You often hear the phrase, "Businesses don’t pay taxes, they pass them on to customers in higher prices, or to labor in lower wages." Actually, that misrepresents where the burden really falls.
If a firm could raise prices without hurting the bottom line, it wouldn’t wait for a new tax to do so. If it’s selling to a national or international market, none of the supply-demand equations change because of a new state tax.
The same applies to labor. A firm subject to a new tax can’t just take it out of wages. They were already paying as little as possible to get the right mix of skill and dependability. If they could have paid less, they would have done so.
Sometimes you hear that firms competing in a local market all pay the same tax, so they can all raise prices and no one suffers. Not true. I’ll use coffee shops to illustrate. Imagine a tax hike forces all the coffee shops to raise the cappuccino grande price from $2.50 to three-bucks. It’s wrong to assume that all customers will pay more. At $2.50 I might have bought five cappuccinos a week. At three-bucks I went to Meijer’s and bought a thermos to bring my own coffee to work.
Add up all the similar consumer responses and the result is a deadweight loss in the earnings of every coffee shop in the state. They gain nothing new from those willing to pay the higher price, and lose the earnings from those who aren’t willing.
OK, so in the aggregate the real burden doesn’t fall on consumers or labor. There’s only one place left to squeeze. Investors. Entrepreneurs. The owners of the company. In my example, a tax hike makes every coffee shop in the state just a little bit less profitable. The result will be fewer coffee shops and coffee shop workers in the future than would have been the case without the tax hike.
Business taxes are nothing less than a tax on investment. As everyone knows, if you want less of something, you tax it more. If you want more of it, you tax it less.
If you want more investment in Michigan, and more jobs, you lower or eliminate business taxes.
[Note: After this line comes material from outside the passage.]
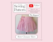 5 out of 5 starsSo cute, video tutorial is super helpful for beginners. Not sure if it's designed to be low waisted, but i like to wear my skirts high waisted so I sized down and put the ties further to the side. I made a mini and a midi, and it definitely works better as a mini skirt as the bow closures don't love holding up large amounts of fabric.

If you want less investment and fewer jobs, you spend all your time talking about how to lower business taxes by a lesser amount.
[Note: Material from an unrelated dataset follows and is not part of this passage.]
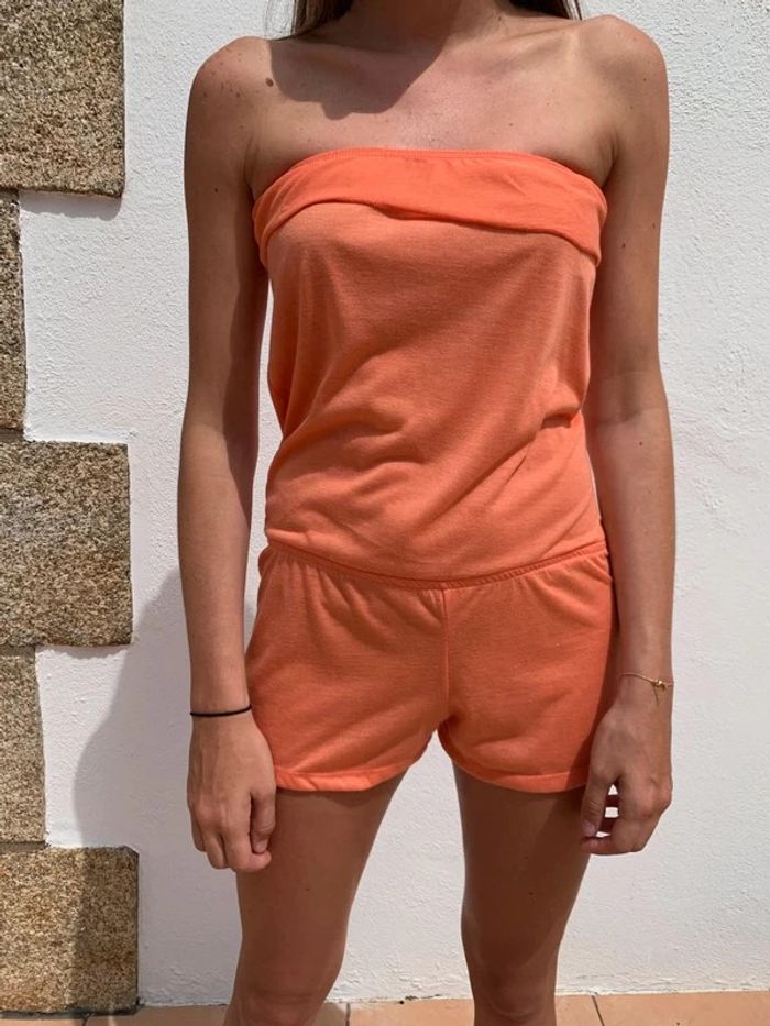 Combishort bustier orangé à volant - photo numéro 1

Sometimes we hear, "Shouldn’t businesses pay their fair share?" That’s really a meaningless question, a silly one even. The right question for this conference is, "Is it smarter to lower the disincentive to invest in Michigan more, or to lower it less?" Unless you’re confused about who’s the master and who’s the servant in the relationship between government and the people, the answer should be obvious in a state with an economy that’s sick in large part because it’s not seen as a good place to do business.
Some of those present today have sought to minimize the role of taxes as a factor in Michigan’s economic malaise. The Tax Foundation did a comprehensive literature review on this issue, and found that, as they put it, "The economic literature over the past 50 years has slowly cohered around" the hypothesis that businesses are responsive to the lure of low-tax jurisdictions. They concluded that taxes matter a great deal to business, and that, "Every change to a state’s system makes it . . . more or less attractive to business."
Alright, now I’ll explain how to replace the SBT with nothing . . .
(Note: McHugh then presented a 14-point proposal on how to accomplish that goal).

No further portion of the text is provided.